_INPUT FOR THIS TASK_:

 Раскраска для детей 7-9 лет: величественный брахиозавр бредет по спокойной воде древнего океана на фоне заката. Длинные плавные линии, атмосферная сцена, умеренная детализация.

...

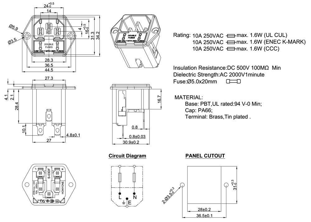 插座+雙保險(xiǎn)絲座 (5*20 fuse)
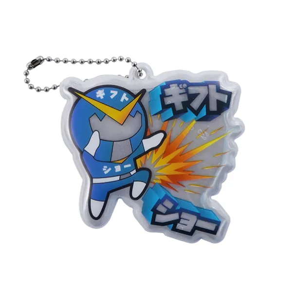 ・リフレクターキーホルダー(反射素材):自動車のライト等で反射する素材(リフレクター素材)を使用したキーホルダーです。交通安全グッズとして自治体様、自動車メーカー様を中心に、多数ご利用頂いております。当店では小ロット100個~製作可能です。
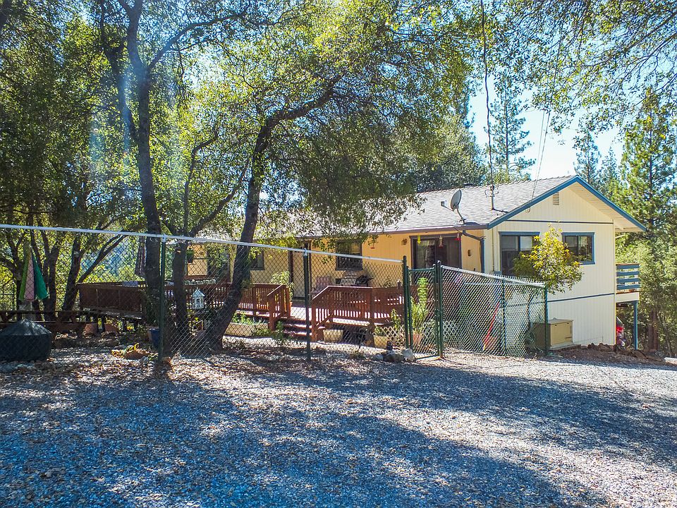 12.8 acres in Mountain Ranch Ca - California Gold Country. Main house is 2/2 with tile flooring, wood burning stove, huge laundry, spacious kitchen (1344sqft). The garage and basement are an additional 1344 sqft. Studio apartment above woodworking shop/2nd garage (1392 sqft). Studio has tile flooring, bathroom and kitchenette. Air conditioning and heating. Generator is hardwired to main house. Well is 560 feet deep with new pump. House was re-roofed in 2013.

...

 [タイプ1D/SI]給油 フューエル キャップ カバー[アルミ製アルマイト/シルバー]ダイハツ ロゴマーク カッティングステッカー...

_EXERCISE PROMPT_:
Could the stretch from the line with "插座+雙保險(xiǎn)絲座 (5*20 fuse)" through the line with "12.8 acres in" in the listing above be restated word for word, minus the pictures?

_RESPONSE TO THIS TASK_:
 插座+雙保險(xiǎn)絲座 (5*20 fuse)
 ・リフレクターキーホルダー(反射素材):自動車のライト等で反射する素材(リフレクター素材)を使用したキーホルダーです。交通安全グッズとして自治体様、自動車メーカー様を中心に、多数ご利用頂いております。当店では小ロット100個~製作可能です。
 12.8 acres in Mountain Ranch Ca - California Gold Country. Main house is 2/2 with tile flooring, wood burning stove, huge laundry, spacious kitchen (1344sqft). The garage and basement are an additional 1344 sqft. Studio apartment above woodworking shop/2nd garage (1392 sqft). Studio has tile flooring, bathroom and kitchenette. Air conditioning and heating. Generator is hardwired to main house. Well is 560 feet deep with new pump. House was re-roofed in 2013.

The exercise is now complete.